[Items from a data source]

———

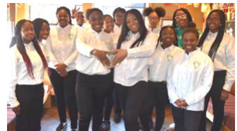
Alpha Chapter's youth are thankful for the support.
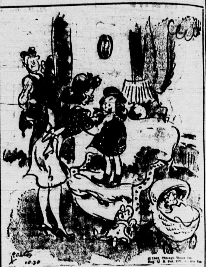
"When I was your age, I'd have given anything to be able to walk to school, but I was forced to ride in a stuffy car that smelled of sickening gasoline fumes!"
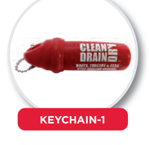
KEY FLOAT Water-resistant, floating keychain with removable top.

Click action ball point pen with stylus tip writes with smooth, medium-point black ink.
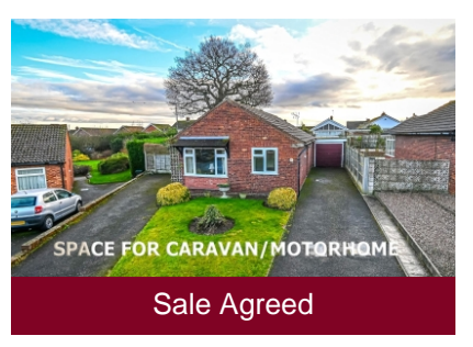
51 Linley View Drive, Bridgnorth
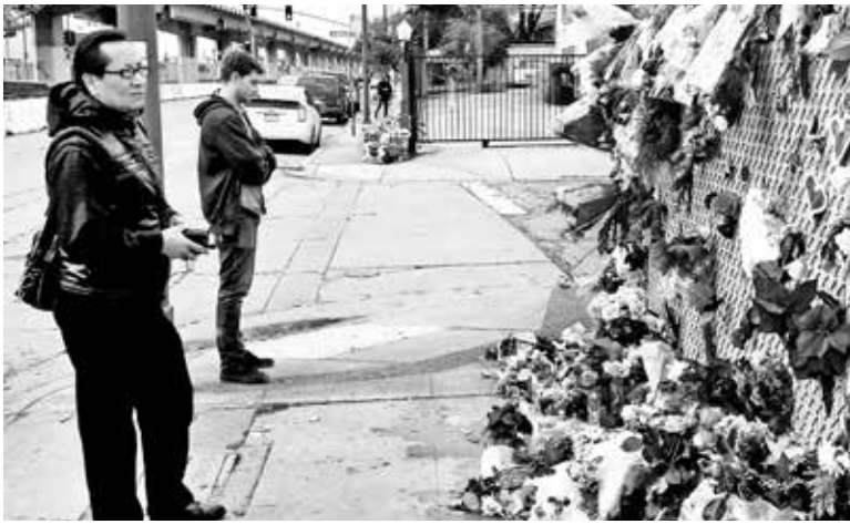
An altar on the street where fire destroyed the artist live/work space known as "The Ghost Ship" in East Oakland, claiming the lives of 36 people. The young man in the photo is from Portland, in Oakland for the funeral of his friend.
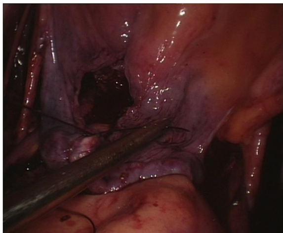
Figure 1 After routine pelvic lymph node removal and radical hysterectomy were performed, the peritoneum covering the roof of the bladder, lateral pelvic side walls and Douglas pouch was preserved.
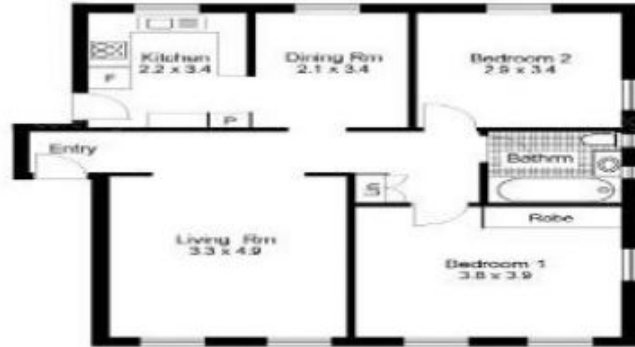
APARTMENT FLOOR PLAN
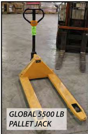
GLOBAL 5500 LB PALLET JACK

To discuss your requirements for an auction, please call Perfection Industrial 847-545-6374
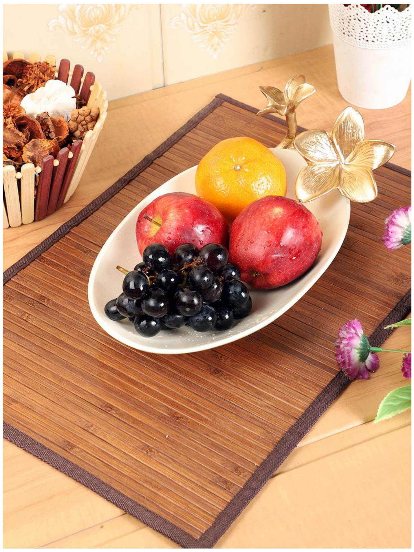
In recent years when the <u>home décor</u> industry is taking a toll with new and classy home décor products, the kitchen and tableware décor is going nowhere less!
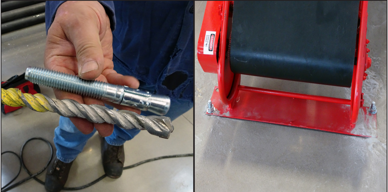
- Use a 1/2 inch hammer drill bit and anchors to bolt down two opposite ends of the conveyor base
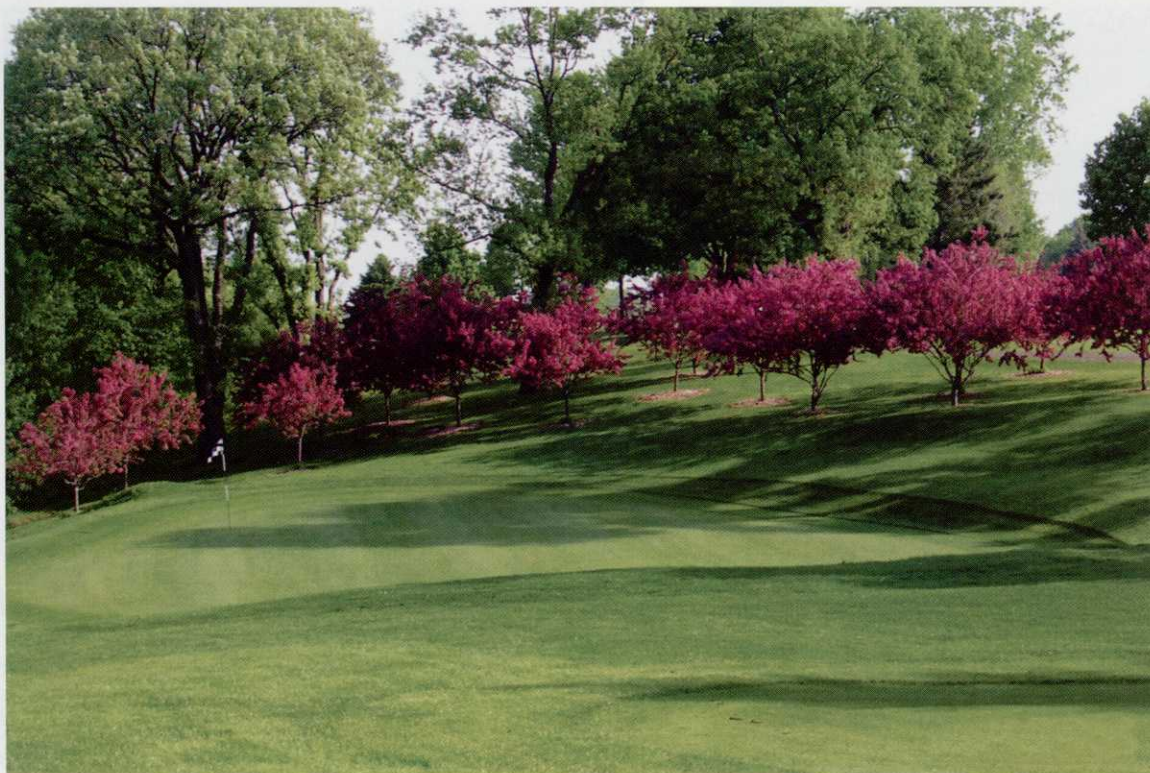
At Keller Golf Course, Paul Diegnau, CGCS, spends between $1,500 and $2,000 on accessories annually.

"We always have fresh flags every year," he says. "We also paint the flagsticks every year, unless they're too beat up, in which case we replace them."
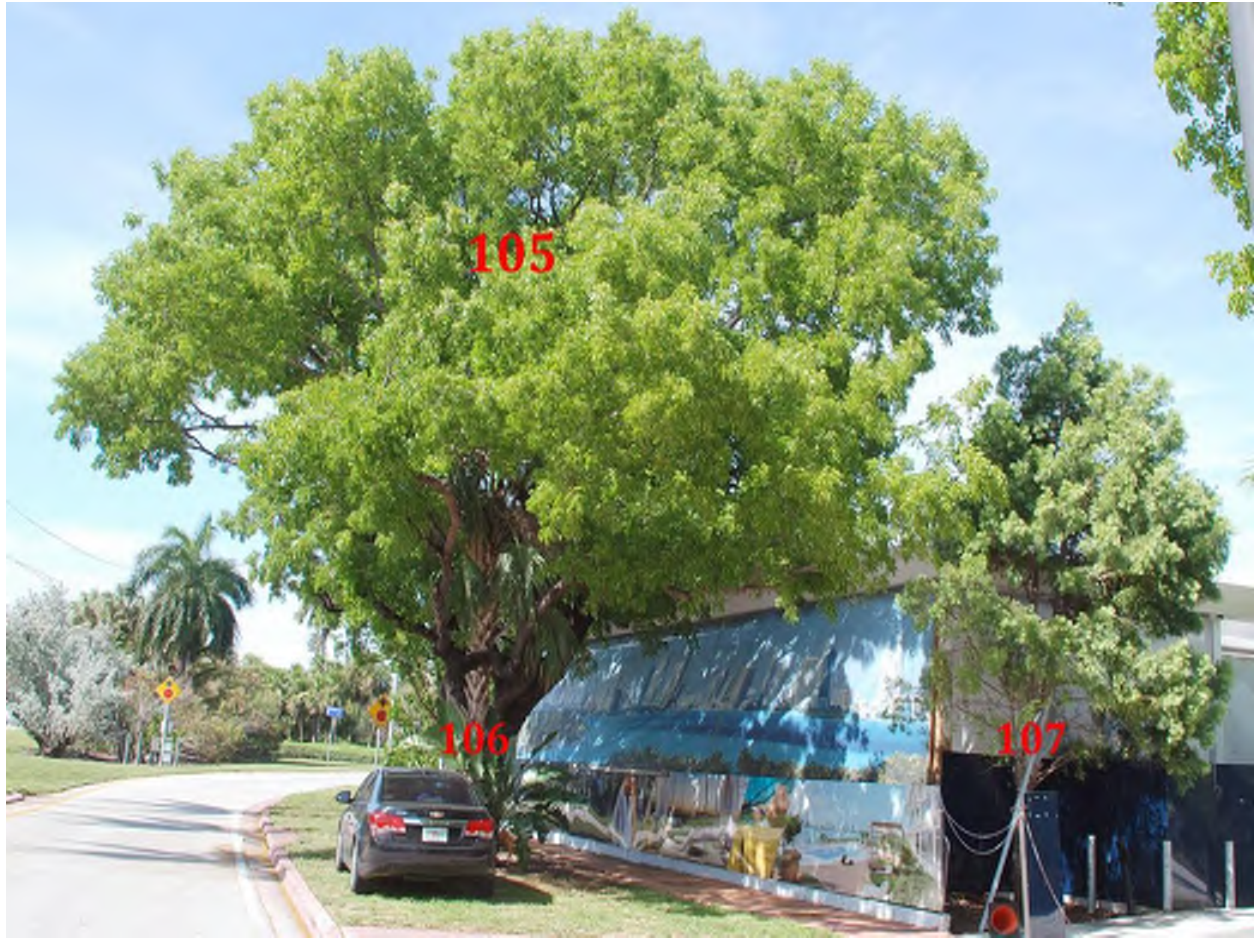
Photo 64 above is tree 105 viewed from the north.
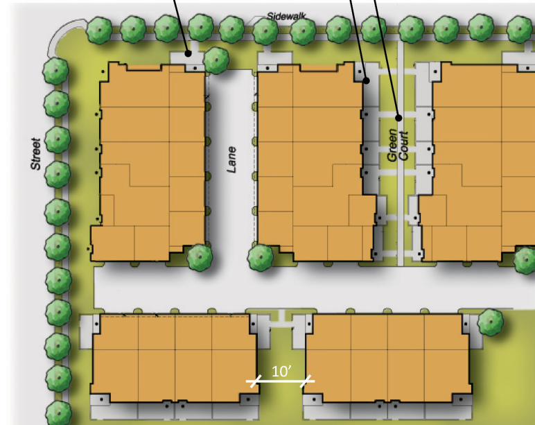
Example: Site Design and Building Envelope

Public view into green court Private open space with front access opening to green court Front doors connecting to sidewalks
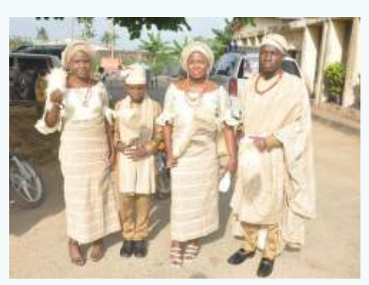
Children of the late Barrister Bashiru Abiodun Yusuf during the funeral
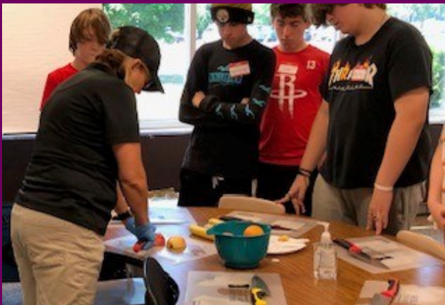
Swartz Creek Summer Camp

MSU Extension Genesee County Health and Nutrition provides nutrition education to children, youth, adults, and families with limited financial resources.
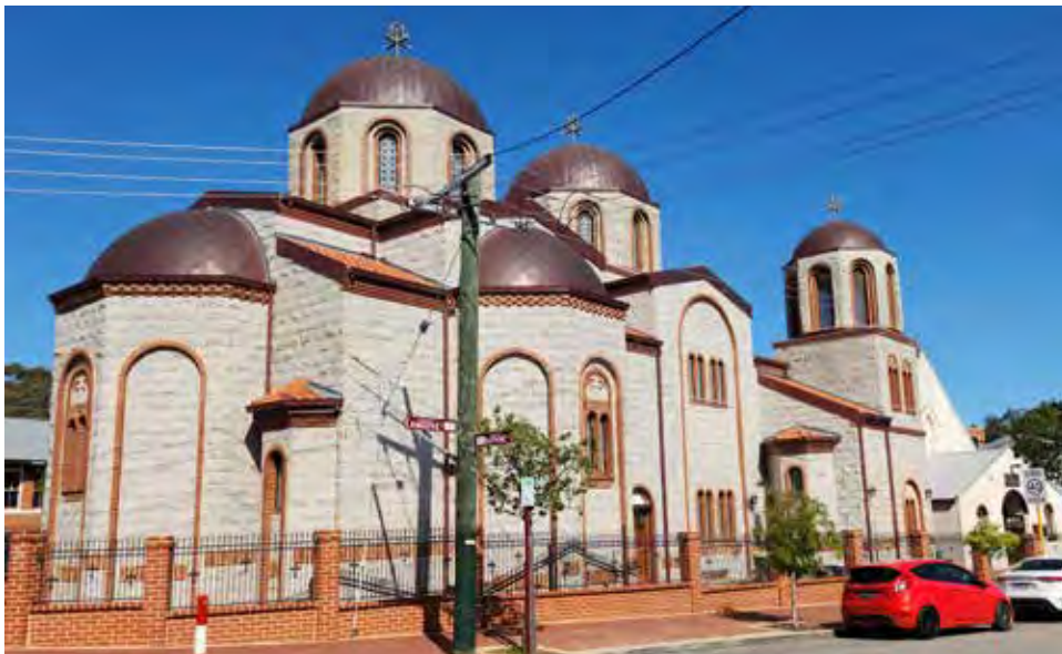
St Nikola Macedonian Orthodox Church
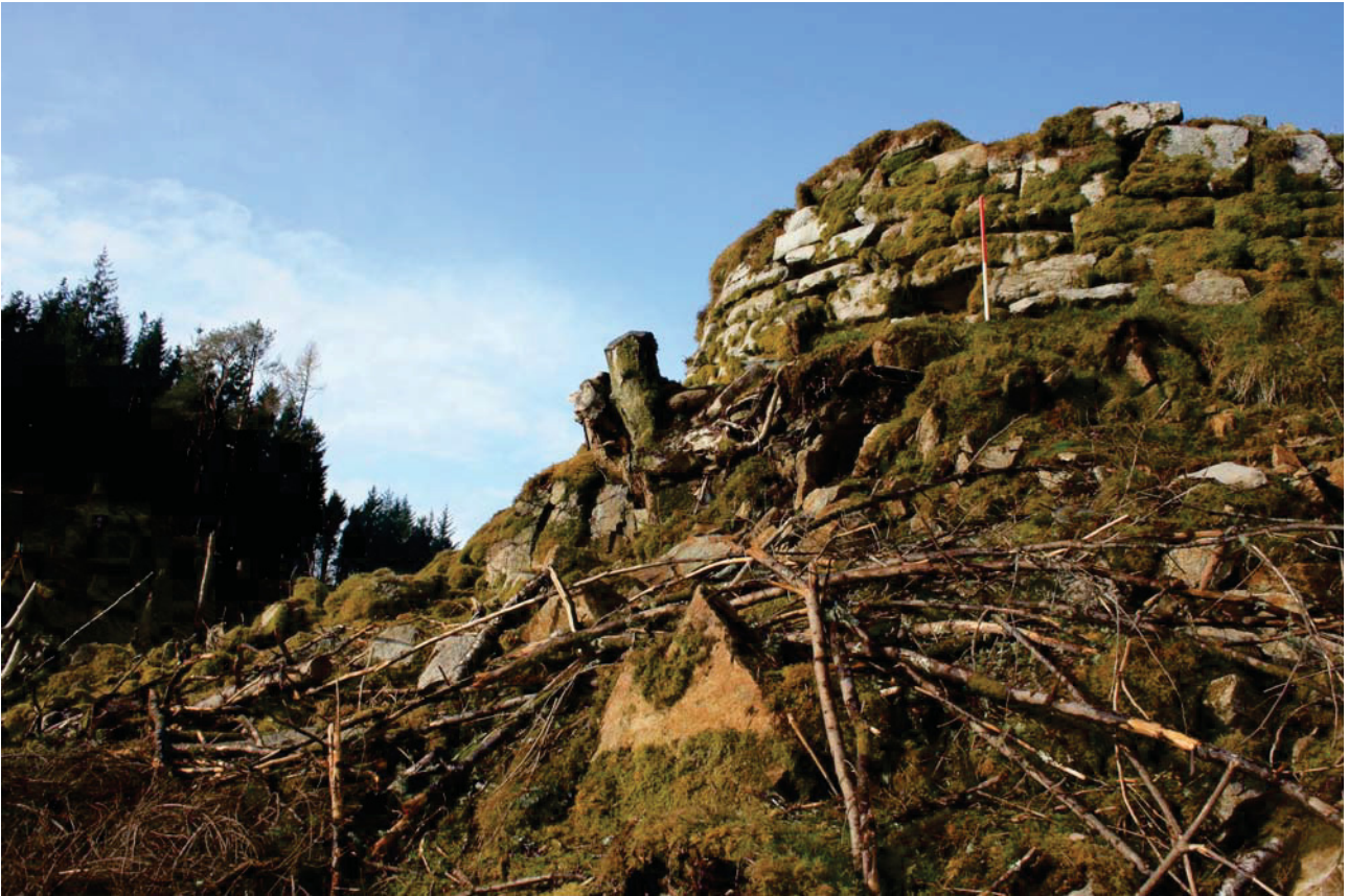
Plate 9: Outer wall face of the broch at Point E, looking NW
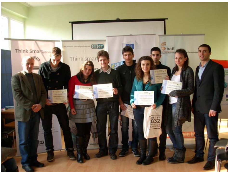
Graduates of the Safer Internet Course in Varna

students and professionals, Varna Municipality cooperates with experts from the Bulgarian Safer Internet Centre in elaborating its annual action plan for preventing internet abuses.
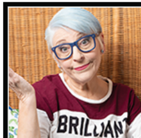
Ep. 130: Lisa Lampanelli Stand-Up Comedy Legend
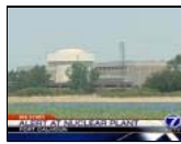
Smoke Causes Scare At Nuclear Plant
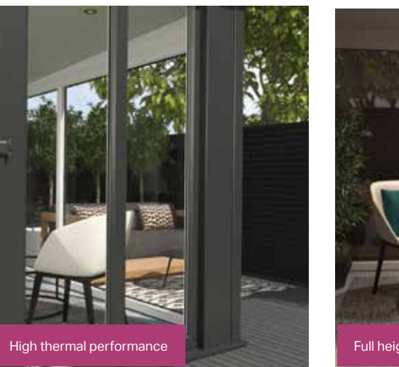
Beautiful, Energy Efficient Garden Rooms from Ultraframe
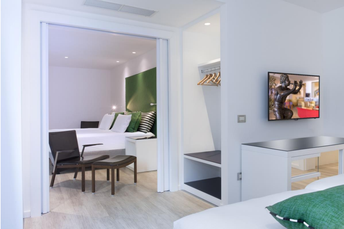
Quadruple Family Rooms

———

> DIRECTIONS FOR THIS TASK: Give back exactly, and solely, the section of the data above bounded by the line containing "Figure 1 After" and the line containing "- Use a 1/2", both bounding lines included and pictures omitted.

> TASK RESULT:
Figure 1 After routine pelvic lymph node removal and radical hysterectomy were performed, the peritoneum covering the roof of the bladder, lateral pelvic side walls and Douglas pouch was preserved.
APARTMENT FLOOR PLAN
GLOBAL 5500 LB PALLET JACK

To discuss your requirements for an auction, please call Perfection Industrial 847-545-6374
In recent years when the <u>home décor</u> industry is taking a toll with new and classy home décor products, the kitchen and tableware décor is going nowhere less!
- Use a 1/2 inch hammer drill bit and anchors to bolt down two opposite ends of the conveyor base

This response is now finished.